Some person that I knew personally died and they set aside some nonzero amount of money and physical property to me in their will. How would this work before the advent of a central legal authority and bureaucracy?
As always, it depends on where and when you are. Starting in the 12th century and much more definitely in the 13th century, and especially in urban areas, you’d simply go to a notary like you would today and have a document written up.
Before that, the concept of legal written documents did exist, but something like a will probably wouldn’t be written down, it would most likely be an oral contract. You would simply tell your family and friends what you wanted, and hopefully they’d do it. They could also swear solemn oaths on religious books or relics of saints, to add weight and certainty. If there was still a dispute about what was supposed to happen, the church or a local secular authority could conduct an investigation and hopefully figure out who swore to do what.
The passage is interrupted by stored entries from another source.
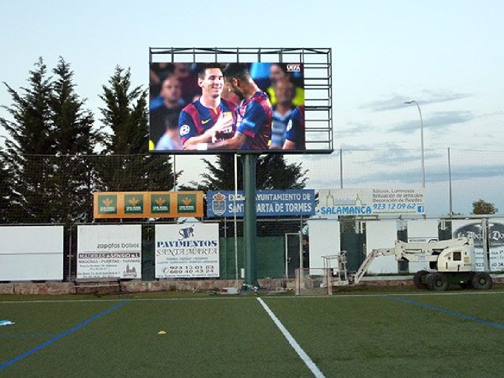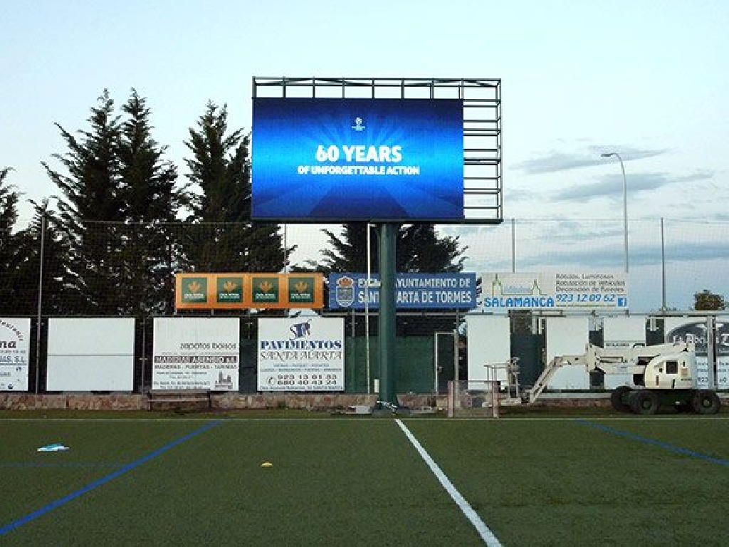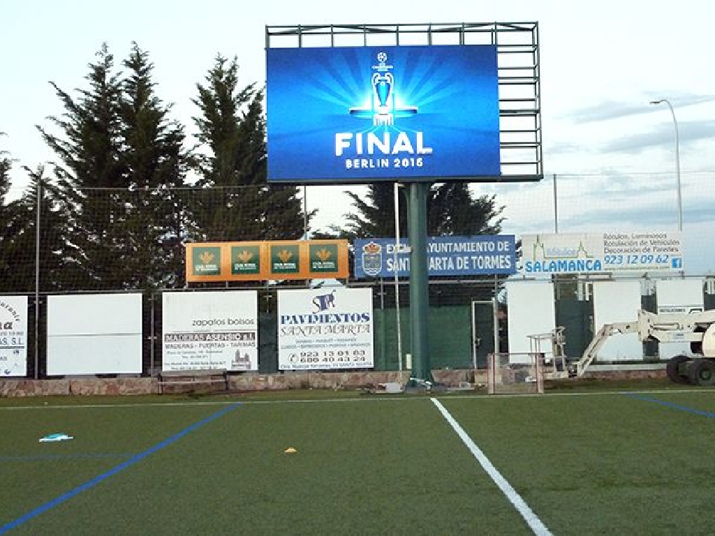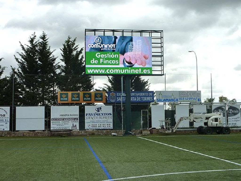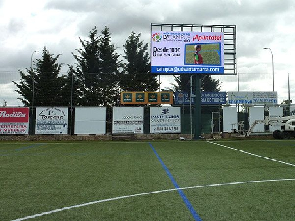 Videomarcador para campo de f煤tbol de la U.D. Santa Marta en el estadio Alfonso San Casto situado en la provincia de Salamanca. Dimensiones: 672×384 cm. Altura del monoposte: 5 m. Paso: P16mm real. Resoluci贸n de la pantalla led: 420×240 px. Incluye software multideporte para la gesti贸n del marcador y reproducci贸n de piezas publicitarias.
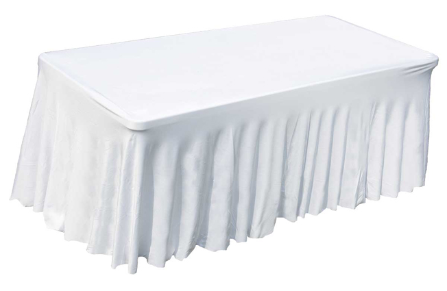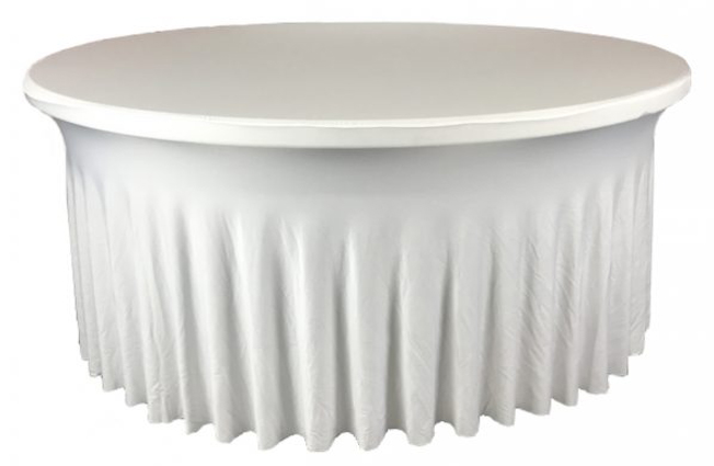 Nappe lycra juponné pour table ronde de diamètre 150 cm .
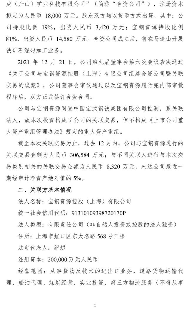 2021 年 12 月 21 日,公司第九屆董事會第六次會議表決通過《關於公司與寶鋼資源控股(上海)有限公司組建合資公司暨關聯交易的議案》,公司董事會審議通過以及寶鋼資源履行完內部審批程序後,雙方正式簽訂合資合同。
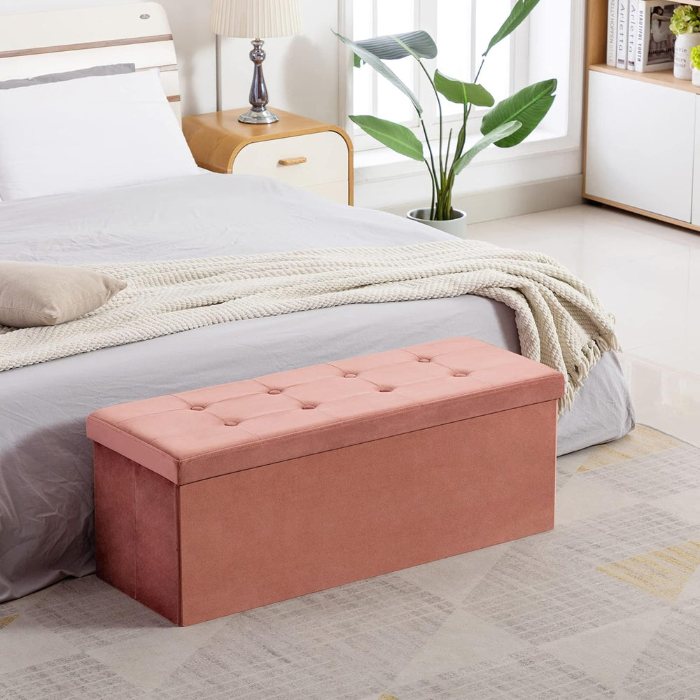 HNNHOME Samt-Bettbank, Sitzbank, Ottomane, Spielzeugtruhe mit Deckel, zusammenklappbare Aufbewahrung

Couldn’t they lie about it though? Sure they could, but they probably wouldn’t, because their culture depended on memories being passed down over generations and on people keeping the oaths the they swore. In fact they sometimes were suspicious of written legal documents. If most people were illiterate and only a special class of scribes wrote things down, why should they necessarily trust a written document?
But gradually in the 11th and 12th centuries, written law became predominant. This was when universities began to be founded, and (especially in Italy and southern France) Roman law was “rediscovered” - well, it never really went away, but it began to be studied in greater detail, especially at the new University of Bologna. Students who were trained in Roman law, the canon law of the church, the Latin language, and classical Latin literature became a class of professional scribes and writers. Those who studied Roman law found it was great for a lot of different things, but especially for contract law - and now they had the vocabulary and the skills to apply Roman contract law to medieval situations.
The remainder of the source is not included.